Importantly the following definitions are perhaps wider than in other EU/national legislation. They are also in parts rather imprecise or uncertain. This is more down to a disconnect between the technical drafting matching the precise supervisory objectives set in the proposal and the recitals of the Servicing Directive. This matters, as much tidying up is required in respect of some of these core definitions if they are to follow the policymakers' intentions:

  1. "Creditor" means a credit institution or any legal person who has issued a credit in the course of his trade, business or profession, or a credit purchaser. NB the scope above also includes subsidiaries;
  2. "Borrower" means a legal or natural person who has concluded a credit agreement with a creditor;
  3. "Business Borrower" means a legal or natural person, other than a consumer who has concluded a credit agreement with a creditor;
  4. "Credit Purchaser" means any natural or legal person other than a credit institution or a subsidiary of a credit institution which purchases a credit agreement7 in the course of his trade, business or profession;
  5. "Secured Credit Agreement" means a credit agreement concluded by a credit institution or another undertaking authorized to issue credit8, which is secured by either of the following collateral:
  • A mortgage, charge, lien9 or other comparable security right commonly used in a Member State in relation to immovable assets;
  • A pledge, charge, lien or other comparable security right10 commonly used in a Member State in relation to moveable assets.

The definition of a credit agreement and a secured credit agreement is paramount as draft Art. 18 and subsequent provisions introduce a pre-notification requirement for EU credit purchasers in terms of a creditor informing its competent authorities (National Competent Authorities (NCAs) but possibly the ECB-SSM) in terms of the transfer to a credit purchaser and a credit purchaser informing the competent authorities in the EU as to who will undertake the credit servicing. The information requirements apply equally in relation to enforcement of a credit agreement and/or transfer to another credit purchaser. Moreover, the Servicing Directive also introduces an obligation for non-EU domiciled credit purchasers to appoint an "EU Representative." This will also be important prior to as well as at enforcement of a credit agreement. We anticipate that if the requirement stays as it is (and it is a tectonic conceptual change for a number of legal systems), this will require notification of details on the credit agreement to the NCA.

Notification does not (currently) equate to a clearance to enforce requirement, but this requirement seems potentially (rather) burdensome and will likely merit lobbying to something more workable. Similar obligations apply, courtesy of Art. 19, to the transfer of any credit agreement from one purchaser to another.

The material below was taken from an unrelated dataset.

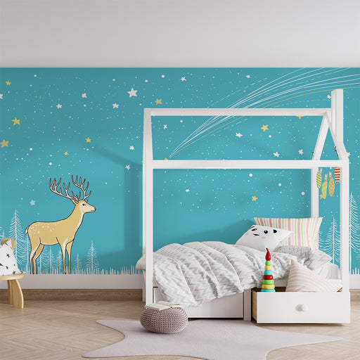 Nursery room wallpaper | Szarvas a csillagos ég alatt fehér fenyőkkel

In the absence of any workable transaction reporting solution (along MiFID II or EMIR terms), this also appears burdensome.

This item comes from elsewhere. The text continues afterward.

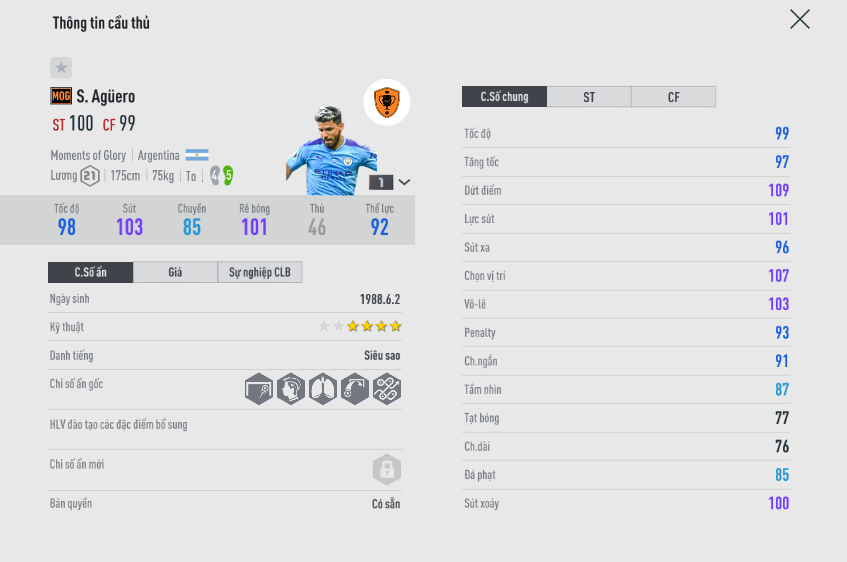 Mùa giải hay nhất của Aguero trong game hiện tại là MOG. Một sát thủ với tốc độ và khả năng nhạy bén đến kinh người. Điểm yếu duy nhất của Kun là anh lùn. Khả năng chơi bóng bổng kém, và hay bị các hậu vệ như kiểu Van Dijk bắt nạt. Bạn sử dụng Aguero hãy gắn cho anh ấy kỹ năng "nhạy bén" để có thể yêu cầu xâm nhập bất cứ lúc nào và bạn sẽ thấy Kun lợi hại thế nào.

So while the above five definitions require additional merit, the definition of what constitutes the activities of a credit servicer is comparably more precise, even if it is very broad in the scope of who might be captured by this definition. A "credit servicer" means any natural or legal person, other than a credit institution or its subsidiaries, which carries out one or more of the following activities on behalf of a creditor:

  • monitors the performance of a credit agreement;
  • collects and manages information about the status of the credit agreement, of the borrower and of any collateral used to secure the credit agreement;
  • informs the borrower of any changes in interest rates, charges or of payments due under the credit agreement;
  • enforces the rights and obligations under the credit agreement on behalf of the creditor, including administering repayments;
  • renegotiates the terms and conditions of the credit agreement with borrowers where they are not a "credit intermediary" for the purposes of the Mortgage Credit Directive and/or the Consumer Credit Directive;
  • handles borrowers' complaints.

Firms that risk falling into this scope across a number of transactions and asset classes, may wish to consider documenting amongst themselves which entity will be designated to act as a "credit servicer" for the purposes of the Servicing Directive. This is important as credit servicers are required to obtain authorization in its home Member State prior to commencing activities within the relevant territory.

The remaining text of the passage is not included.